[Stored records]
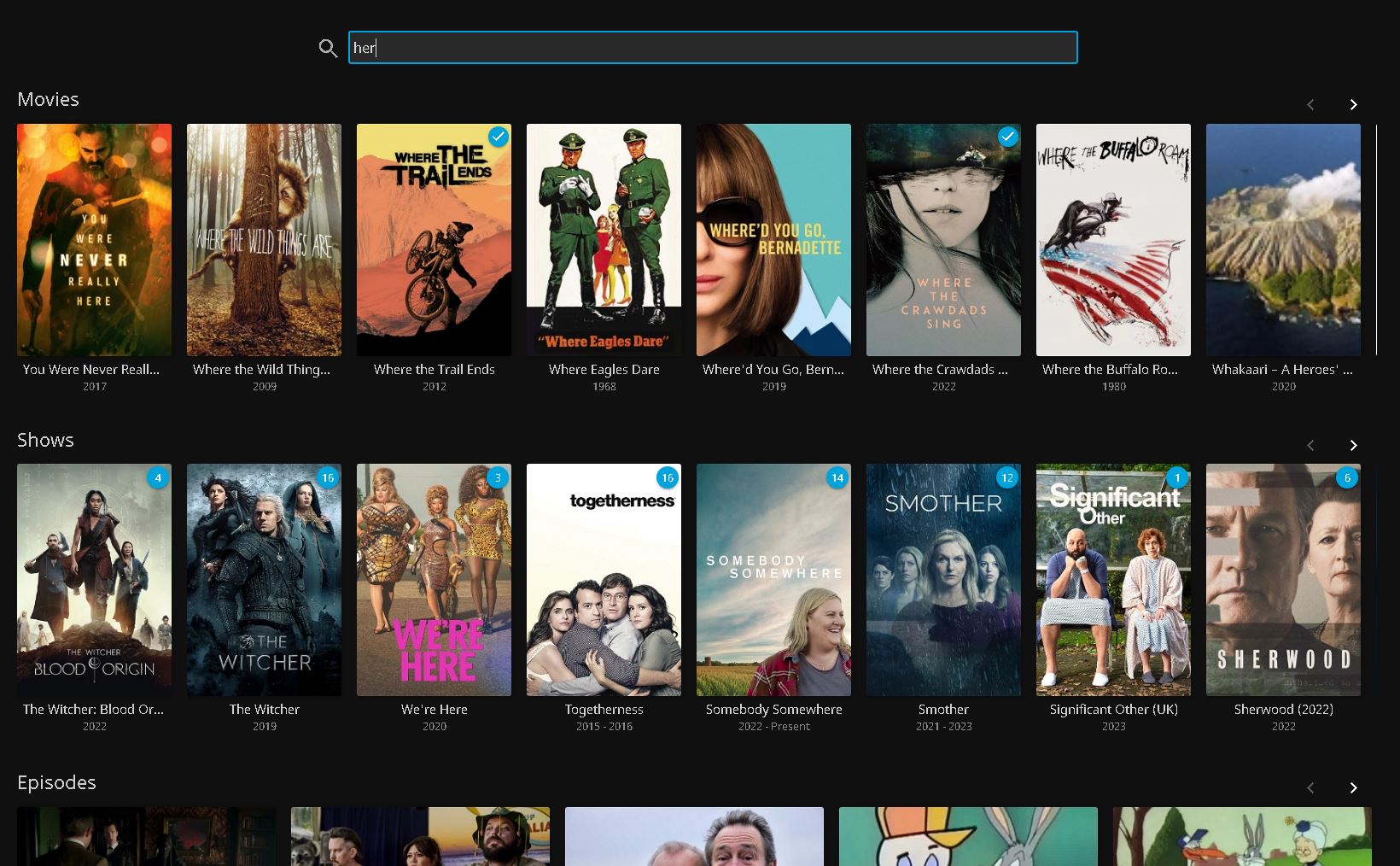 Search functionality - aotearoasteve - 2024-05-16 I have just encountered some interesting behaviour in regrads to search functionality. I have the 2013 movie "her" in my movie library which contains a total of 5123 items. I can find it in the alphabetical list, I can search it on my linked jellyseer instance and hit the "play on jellyfin" link and it will open the movie page in jellyfin. What I can't seem to do is search it out. The probblem seems to be that string "her" appears in too many other titles (wHERe, HERe, etc). I have tried searching "her" "Her" "her 2013" "her (2013)" and so on, get a couple of pages of results but I can't get it to appear in the 2 pages of results. I tested some more and get the same problem with the movie "It". The movies are correctly identified etc. I'm guessing the search functionality could be improved a bit to favour exact complete matches over partiual string matches? Any other thoughts here? Thanks very much in advance! Version: 10.8.13 running in docker on a debian VM on proxmox RE: Search functionality - TheDreadPirate - 2024-05-16 10.9.1 is the current version and should have better search. Backup your Jellyfin /config directory before upgrading since you cannot downgrade afterwards. With the backup you can downgrade after restoring the backup. RE: Search functionality - aotearoasteve - 2024-05-20 thansk for that, I upgraded and yep - search functionality has improved, search seems to take a bit longer but works better now thank you !
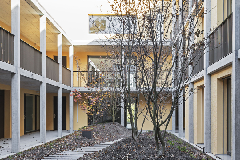 Der Innenhof ist als «Oase» gedacht – hier öffnet sich, abseits vom lebendigen Betrieb am Bahnhof und der lärmbelasteten Bernstrasse, eine andere, ruhige Welt. Das Haus entspricht dem Minergie-Standard und alle Wohnungen sind mit einer kontrollierten Wohnungslüftung ausgestattet.
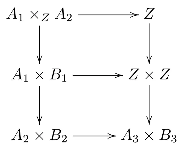 The bottom square is obtained as a binary product of two pullback squares, and the top square relates the fiber product and the binary product via the diagonal of Z.
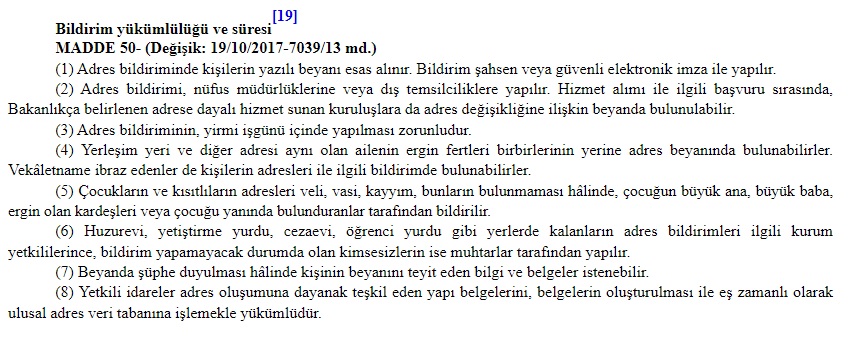 MADDE 50- (2) Yerleşim yeri adreslerinin tutulmasında kişilerin yazılı beyanı esas alınır. Bildirim, nüfus müdürlüklerine ve dış temsilciliklerimize adres beyan formuyla yapılır. Yerleşim yeri adresi aynı konut olan ailenin ergin fertleri birbirlerinin yerine adres beyanında bulunabilirler.
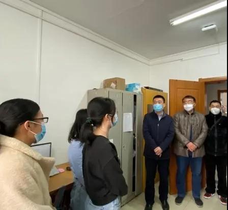 在空军军医大学研究生院,张宇书记一行认真查阅了同学们的防疫打卡记录、思想汇报以及课程作业等,对同学们在联合培养期间展现出的良好精神面貌和取得的优异成绩给予了充分肯定,并鼓励员工们再接再厉,在今后的学习科研上取得更大进步。
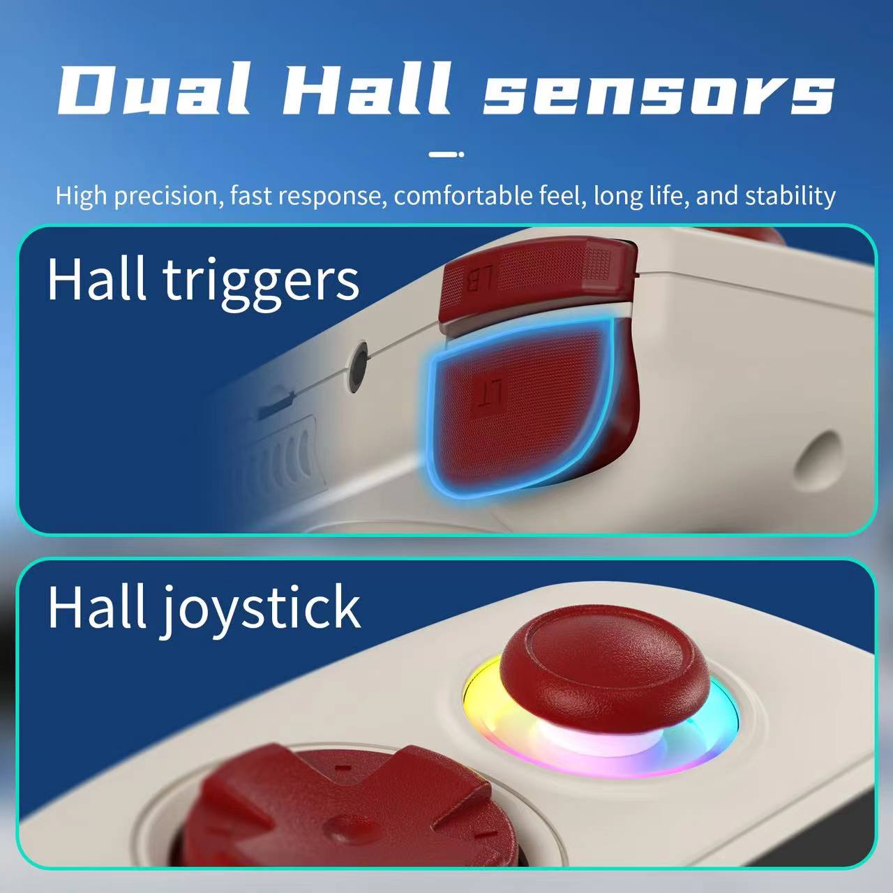 16 million color RGB joystick lighting, support constant light, breath, rainbow, marquee, chasing, gaming and other light effects, support customize the color and adjust the brightness.
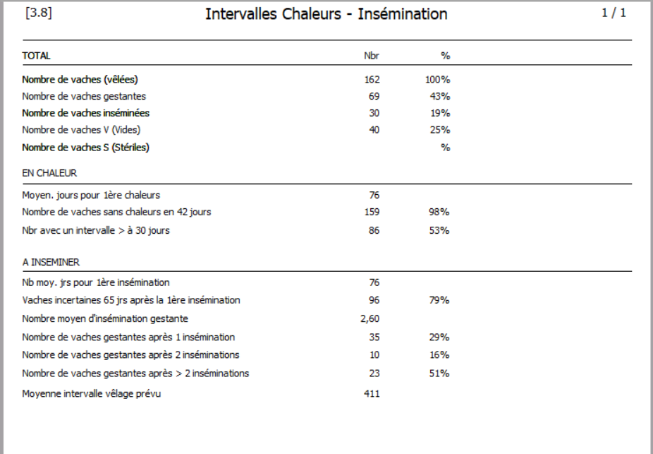 → Les intervalles sont différents dans les colonnes Int. chaleurs et Int. Inséminations
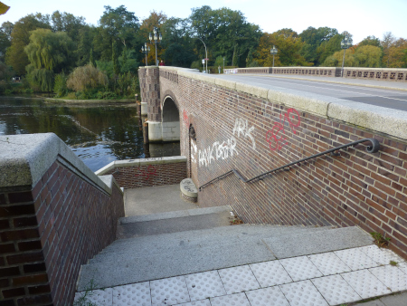 Vom Baudenkmal führt eine Aussentreppe zu 2 Fähranlegern (Krugkoppelbrücke Ost/West) für Alsterdampfer der Linie 52.
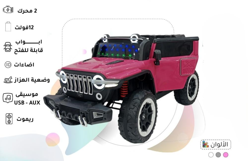 اجعلوا طفلتكم تعيش تجربة قيادة مليئة بالحماس والتشويق مع سيارة الأطفال الكهربائية ذات الدفع الرباعي بتصميم الجيب القوي واللون الوردي الزاهي! 🚀 هذه السيارة المذهلة، (والمتوفرة أيضاً بألوان أبيض وأزرق)، مصممة لتقديم مغامرات واقعية وممتعة. مزودة بمحركين وبطارية 12 فولت، وخصائص تفاعلية عديدة، ستشعل حماس طفلتكم وتقوي مهاراتها الحركية والتنسيقية وهي تنطلق في رحلاتها الخاصة.
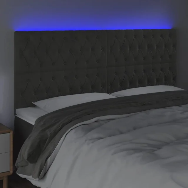 LED Posteljno vzglavje - Vzglavna omarica - Nočna omarica temno sivo 200x7x118/128 cm žamet
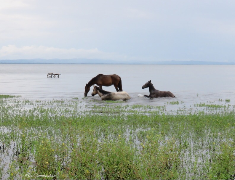 A couple of them decided to roll in the water
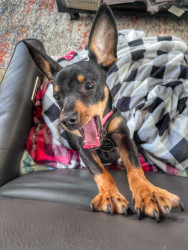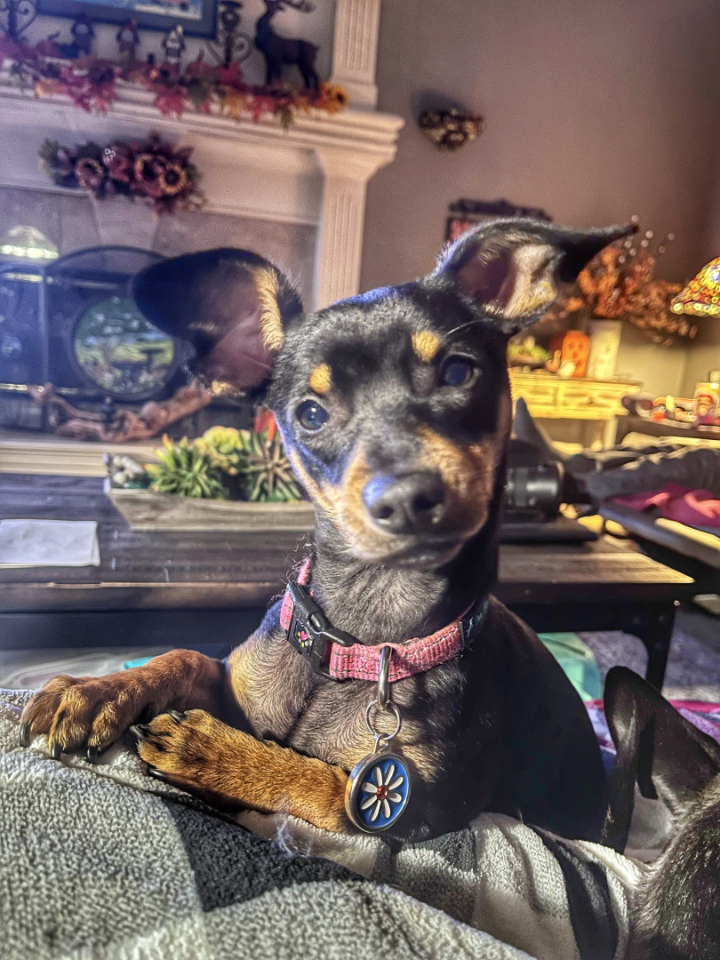 She warns her pet parents of all animals she sees on TV as if they were right in the room with all of us. Plus her ears that at anytime can be both up, one up with one down or both down.
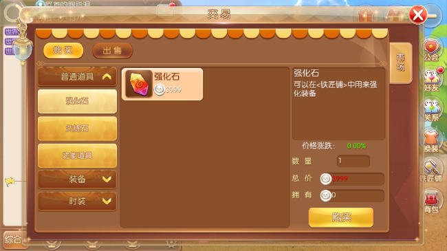 普通道具:可购买强化石,洗练石,改名卡,染色药水。其中,强化石和洗练石的价格会随着买入和卖出而变化。
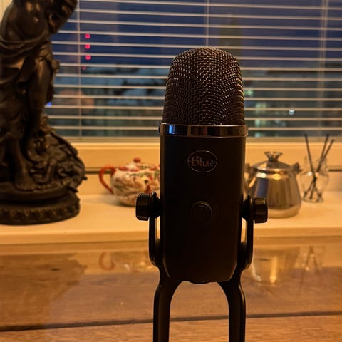 MyydäänBlue Yeti mikrofoni sekä Blue mikrofoniteline jossa valmiina shock mount.
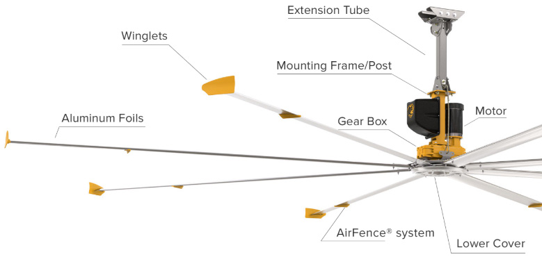 Overhead Big Ass Fans work with your HVAC to provide significant energy savings.
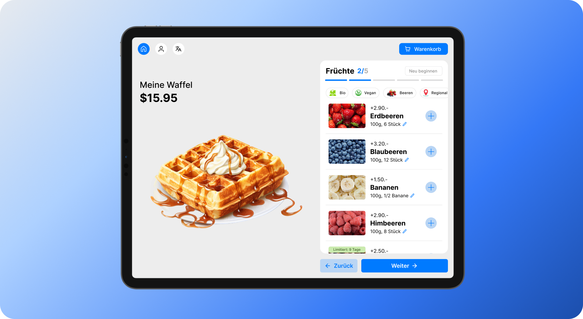 Das Ziel war es, eine benutzerfreundliche App zu gestalten, mit der man sich seine eigene Waffel zusammenstellen oder eine vorgefertigte auswählen kann. Der Fokus lag auf dem Aufbau eines Konfigurators, der sowohl funktional als auch intuitiv ist.
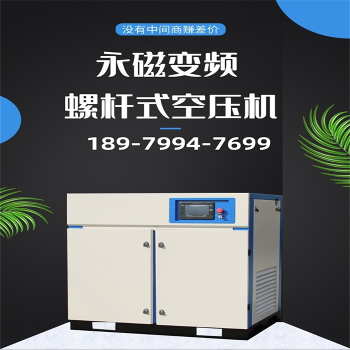 永磁变频空压机的原理是依赖于永磁同步电机稀土,永磁变频空压机的工作原理与电励磁同步电机相同,前者是以永磁体替代励磁绕组进行励磁。当永磁电机的三相定子绕组(各相差120°电角度)通入频率为f的三相交流电后,将产生一个以同步转速推移的旋转磁场。稳态情况下,主极磁场随着旋转磁场同步转动,因此转子转速亦是同步转速,定子旋转磁场恒与永磁体建立的主极磁场保持相对静止,它们之间相互作用并产生电磁转矩,驱动电机旋转并进行 能效转换。永磁变频空压机采用永磁稀土永磁同步电机,螺杆主机与永磁电机共用同一根主轴,电机没有轴承,带有永磁体的转子直接安装在阳转子的伸出轴上。这种结构解决了传统电机轴承,实现电机免维护。变频空压机(低噪节能)
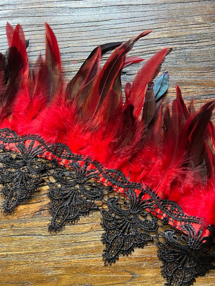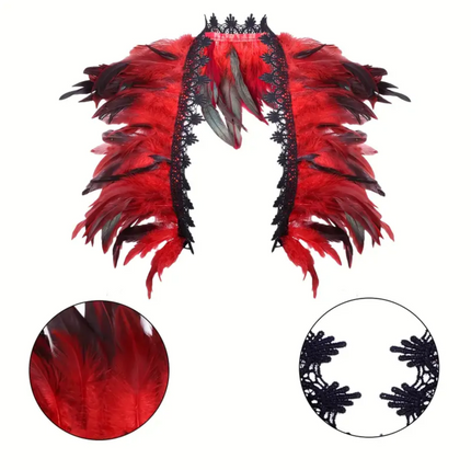 Wunderschöner Federschal mit schwarzer Spitzenborte in vielen intensiven Farben, passend zu exotischen Vogel-Verkleidungen, Gothic-Outfits und Halloween-Kostümen.
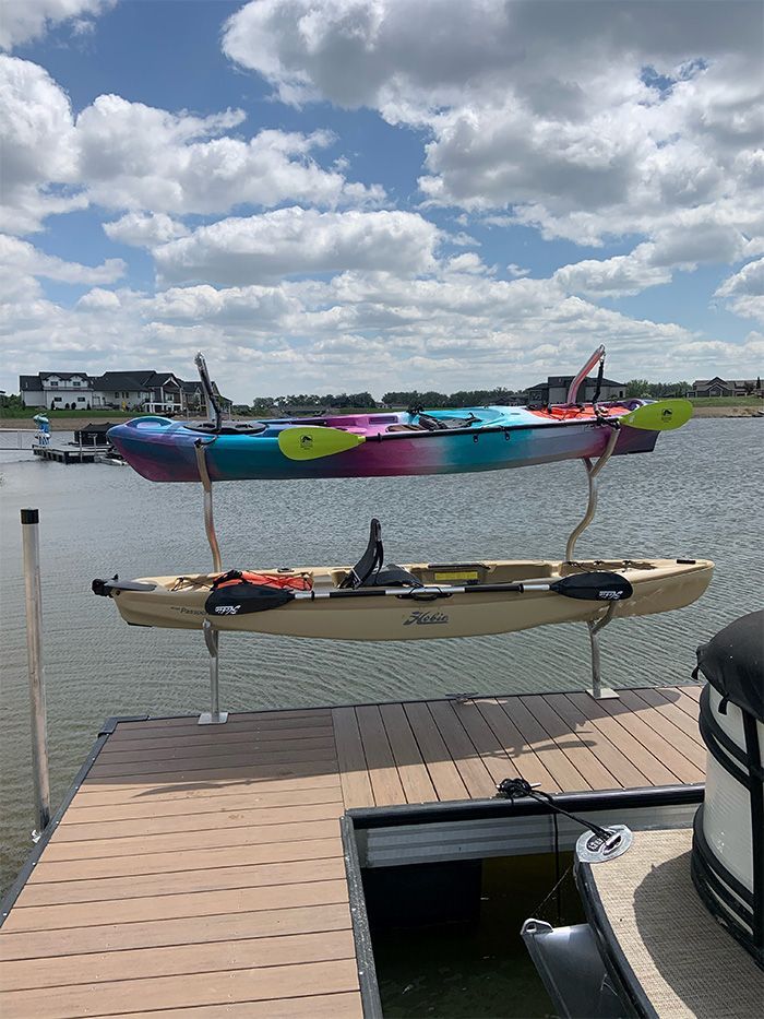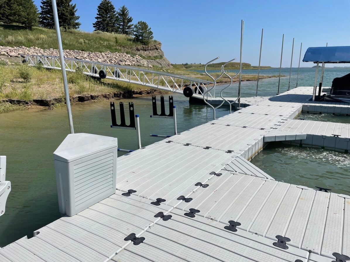 Strategically positioned along the edges of the dock, cleats provide boaters with convenient and reliable tie-off points, ensuring vessels remain securely anchored during docking and undocking. Bumpers act as protective cushions between boats and the dock structure. They absorb impact forces and prevent damage to both the boat and the dock during berthing. The combination of cleats and bumpers is essential for a well-equipped boat dock, offering practical solutions for secure mooring and safeguarding watercraft against potential collisions, ultimately preserving the integrity of both the boats and the dock itself.

* _WHAT YOU NEED TO DO_
Give again the stretch of the entries above that begins at the line with "MADDE 50- (2)" and ends at the line with "在空军军医大学研究生院,张宇", word for word, with no pictures.

* _RESULT_
 MADDE 50- (2) Yerleşim yeri adreslerinin tutulmasında kişilerin yazılı beyanı esas alınır. Bildirim, nüfus müdürlüklerine ve dış temsilciliklerimize adres beyan formuyla yapılır. Yerleşim yeri adresi aynı konut olan ailenin ergin fertleri birbirlerinin yerine adres beyanında bulunabilirler.
 在空军军医大学研究生院,张宇书记一行认真查阅了同学们的防疫打卡记录、思想汇报以及课程作业等,对同学们在联合培养期间展现出的良好精神面貌和取得的优异成绩给予了充分肯定,并鼓励员工们再接再厉,在今后的学习科研上取得更大进步。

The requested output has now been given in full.